Do You Have Headline Anxiety?

My local newspaper, The Oregonian, today had a giant front-page headline: DOWN, DOWN…, with a jagged line tracking the Dow Jones industrial average for the last year.

Whether you get your news online or from a newspaper, or both, it’s easy to have headline anxiety. You know how it is: you read a headline, and your heart starts to beat faster. Television news can have the same effect, and CNN with its running headlines at the bottom of the screen, is particularly good at raising anxiety.

Even when a legitimate cause for concern exists, headline anxiety does not help us respond thoughtfully to the challenges at hand. The various forms of media have an interest in upping our anxiety: more viewers, site visitors and newspapers sold. But we don’t have to follow their lead. It’s better for us and for those we lead if we can manage our anxiety in response to external events. When leaders can be thoughtful rather than reactive, creative solutions are more likely to emerge.
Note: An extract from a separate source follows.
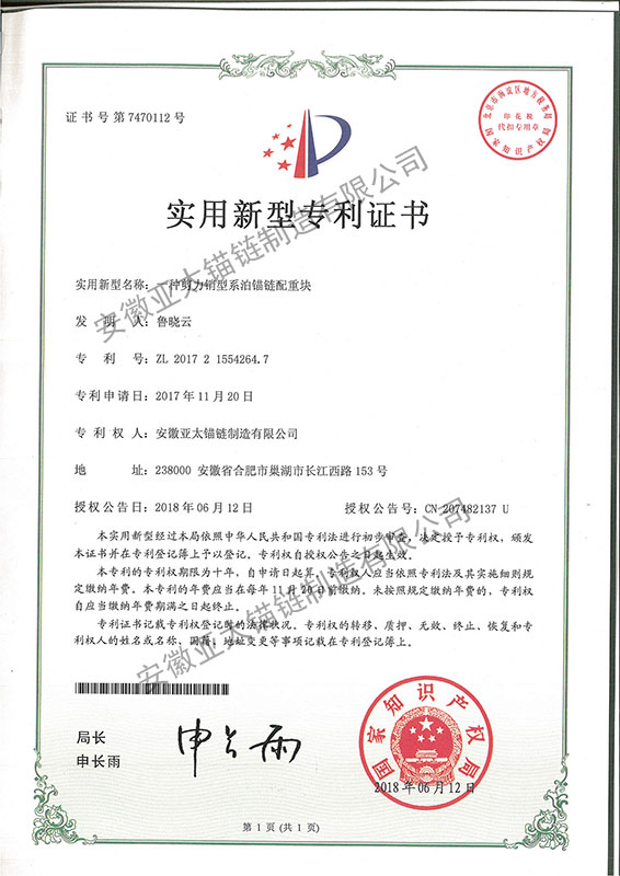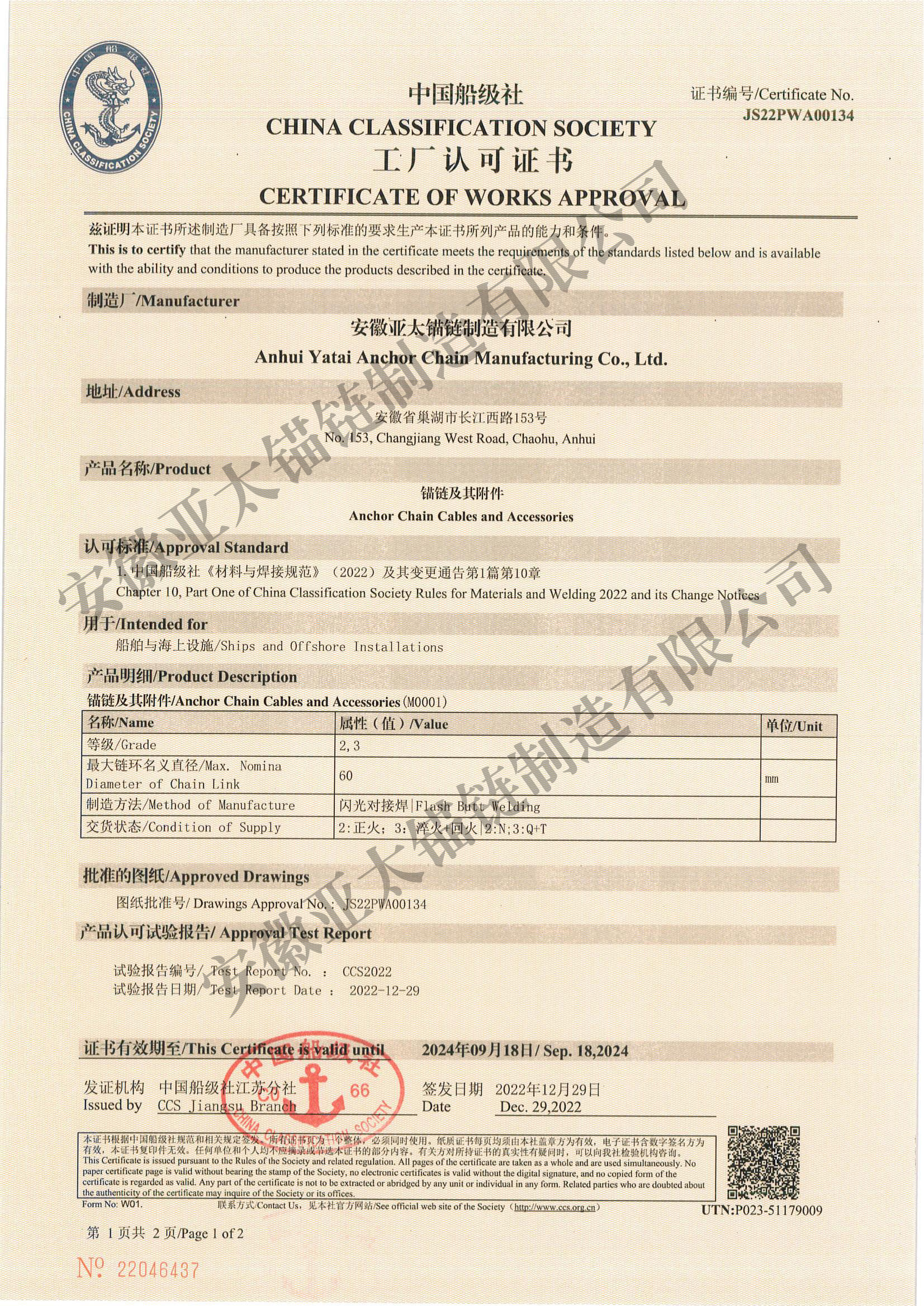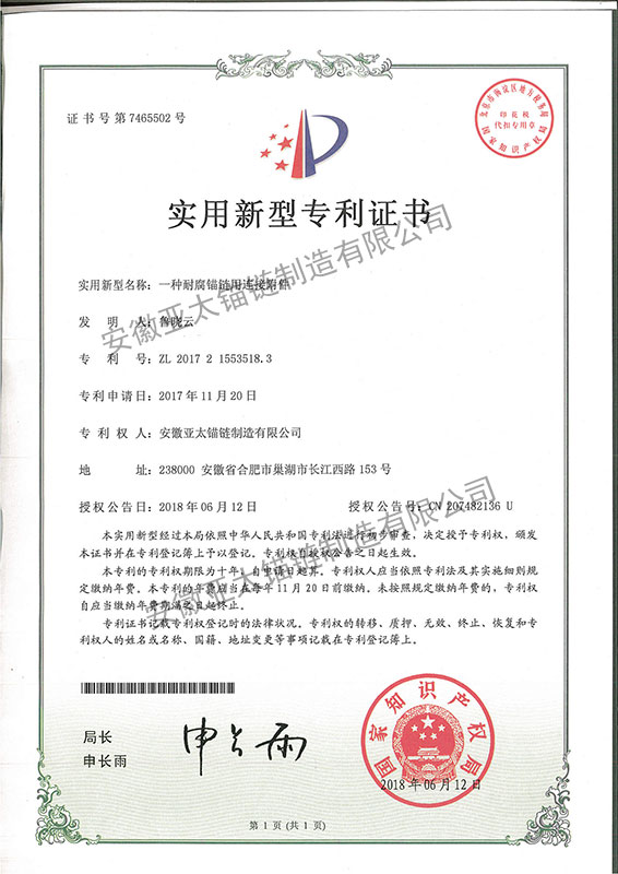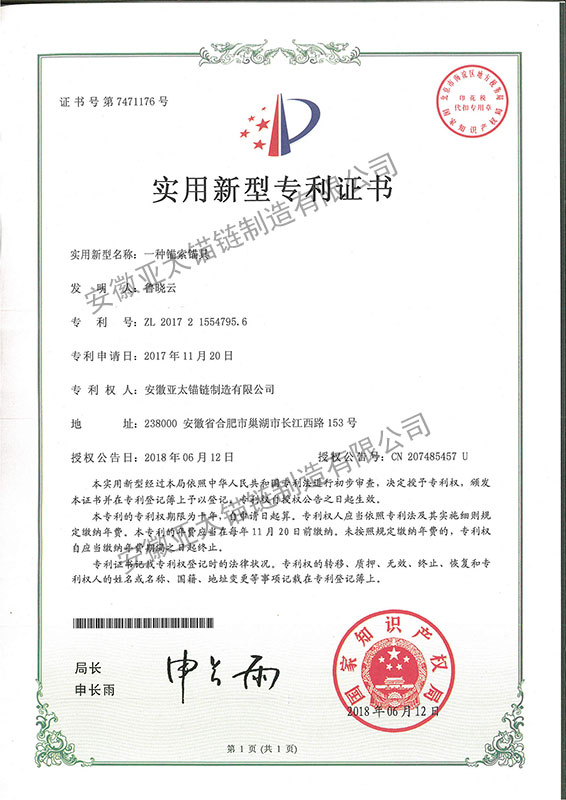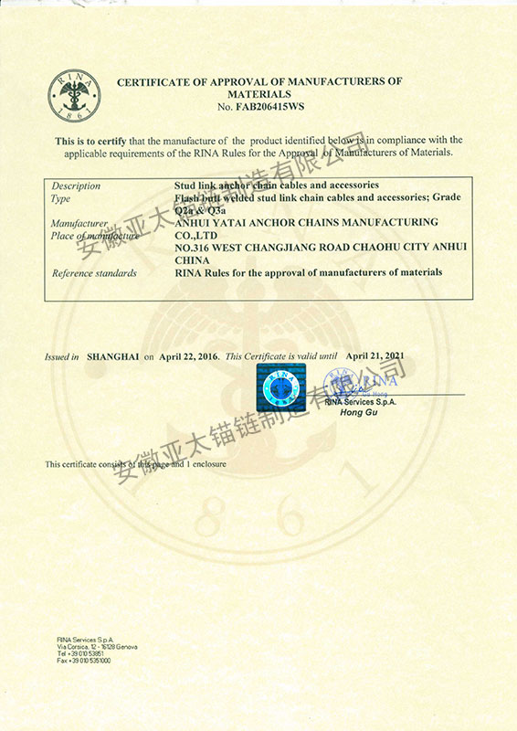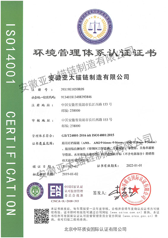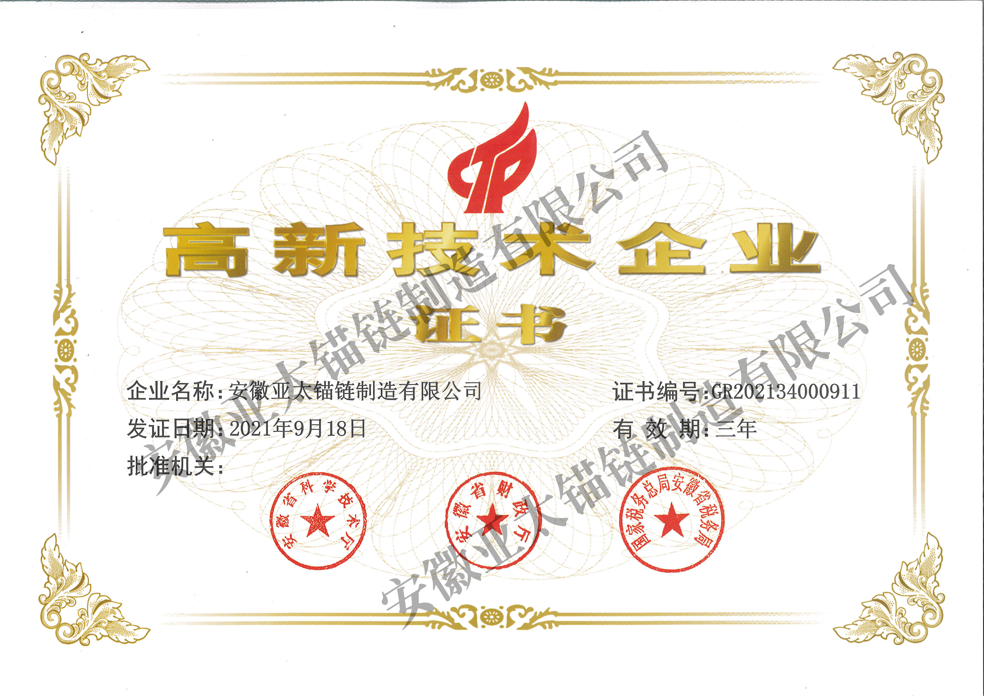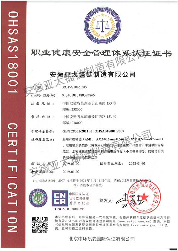 安徽亞太錨鏈制造有限公司是國家高新技術企業,也是國家GB/T 549-2017《電焊錨鏈》標準的起草和制定單位之一。公司旗下設有錨鏈分廠、浮標分廠、舾裝件分廠等多個分廠。公司專業從事φ12.5mm-φ107mm二、三級船用錨鏈、浮標錨鏈、錨鏈附件,錨、船舶曬裝產品、航標、系船浮、船型標、多種規(guī)格海洋監(jiān)測浮標及航標燈等產品的生產、安裝和服務。目前公司的產品銷往全國各地船廠、碼頭、航標處、航道局、海洋局,并已走上國際市場,如東南亞、中東、歐美等國家。

Here are some suggestions:
— ration your exposure to news. Choose selected times during the day (or even every other day) to catch up.
— use the news as an opportunity for prayer rather than outrage.
— spend as much time reading books as you do news (this will help give you a longer perspective).

I made one small choice myself recently. I’ve stopped reading the first section of the newspaper while I eat breakfast. I discovered I wasn’t even tasting my food because I was too concerned about what I was reading. Now I read the fun stuff (comics and entertainment) first. I catch up on the news while I finish my coffee.

How can you manage your headline anxiety?

3 replies on “Do You Have Headline Anxiety?

  • Abigail Stockman

    I’ve turned off NPR in the morning and find my renewal in Bach’s St. Matthew’s Passion, especially the chorale that Peter, Paul, and Mary use as the setting for “Because All Men are Brothers”. In spite of their title’s sexism – the words are more hopeful than anxious.

    Reply
  • Israel Galindo

    A timely post, Margaret. For the past three days I’ve stopped listening to NPR on the drive to work. It was more anxiety-producing than the stress of dealing with rush hour highway traffic. While I recognize the seriousness of the financial times the singular extended over-focus on that one issue over the past weeks is more than I cared to take. Now I play my Beethoven CDs on the ride ot work and arrive in a better frame of mind. And guess what, at the end of the day the news is the same.